По сведениям, полученным из Парижа, в Эстонию вновь прибывает глава ювелирного концерна Маршан. Предполагаем его связи с нашим валютным подпольем. Именно его концерн сорвал ту сделку, которую наши представители пытались заключить в Литве. Впоследствии люди Маршана сорвали наши сделки в Лондоне и Антверпене. В Ревеле, однако, Маршан предложил нам через оценщика Гохрана Пожамчи прямой товарообмен – хлеб за бриллианты, по произвольным ценам. Наша задача заключается в том, чтобы заставить Маршана покупать наши бриллианты на доллары и франки, что гарантирует наш выход на арену международной торговли. Вам необходимо установить за Маршаном и его окружением наблюдение, с тем чтобы выявить его связи. Есть предположение, что Маршан поддерживает контакты с нашим подпольем через третьих и подставных лиц. Эти сведения пришли к нам через английские возможности и не содержат каких-либо конкретных данных.
Бокий».
11. Отец
В Иркутске старик Владимиров остановился в общежитии культпросвета, неподалеку от краеведческого музея, на берегу Ангары. Помогала ему работать в завалах библиотеки худенькая, веснушчатая Ниночка Кривошеина. Она была прикреплена к Владимирову после разговора с зам. начпуарм-5 Осипом Шелехесом. Отнесся Шелехес к Владимирову настороженно: скептически выслушал яростную речь старика, нападавшего на развал работы в библиотеке, в музее, в типографиях, и заметил:
– Голое критиканство делу не поможет. Ну, знаю – на полу книги, гниют книги. Ну, знаю – воруют их, топят ими печки. А как надо поступать, если дров нету? Вот вы, как большевик, какое внесете предложение?
– Я беспартийный.
– То есть?
– Не видали беспартийных? Извольте лицезреть – это я.
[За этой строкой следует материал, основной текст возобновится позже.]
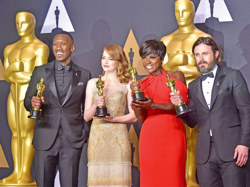 وتوجت إيما ستون التي تغني وترقص وتبكي في هذا الفيلم الرومنسي، أفضل ممثلة متغلبة خصوصا على الفرنسية إيزابيل هوبير.وقالت ستون (28 عاما) لدى تسلمها جائزتها: "التقى الحظ والفرصة"، لكي تنال دورها في الفيلم، "لذا اشكر داميان تشازيل للفرصة التي منحني إياها لأكون ضمن هذا المشروع المميز جدا وهي فرصة فريدة في حياة المرء".وكان فيلم "لا لا لاند" وهو تحية لعصر هوليوود الذهبي مرشحا في 14 فئة.وبعد سنتين من الجدل الحاد والانتقادات بسبب غياب التنوع في جوائز أوسكار، فازت الممثلة السوداء فايولا ديفيس بجائزة أفضل ممثلة في دور ثانوي. وهي تؤدي في "فنسيز" دور امرأة تتعرض للخيانة، أمام دنزل واشنطن مخرج هذا الفيلم الدرامي. وقد وقف لها الحضور مصفقا.كيسي أفليك

– Каким образом вас бросили на политпросвет?
– Мандатным, – ответил Владимиров. – Можете запросить Москву.
– Погодите, погодите… Вы какой Владимиров? Вы отошли от нас в одиннадцатом году?
– Если ссылку можно считать отходом, а борьбу за свою точку зрения – предательством, тогда вы правы. Я тот Владимиров, именно тот. Но я, беспартийный, не терпел бы такого положения, чтобы рукописи тибетцев и монголов, бесценные памятники материальной культуры, гнили под открытым небом! Я бы никогда не потерпел того, что терпите вы!
– Ну, хватит! Я этот разговор прекращаю!
– А я его только начал! Вы не сможете создать государство для трудящихся, если не припадете к вечному источнику мировой культуры!
– Мне сначала надо детям учебники напечатать! А потом припадать к источнику! А у нас бумаги – десять рулонов! И в типографии надо печатать приказы по армии, потому как Унгерн под боком и китайцы с японцами!
– Почему не конфискована елизарьевская типография?
– Конфискована.
– Ложь! Не кон-фис-кована! Убеждены ли вы, что вся бумага обнаружена в складских помещениях?
– Убежден.
– Ложь! На чем нэпманы печатают свои афиши? Ваши, ваши нэпманы! Красные торговцы!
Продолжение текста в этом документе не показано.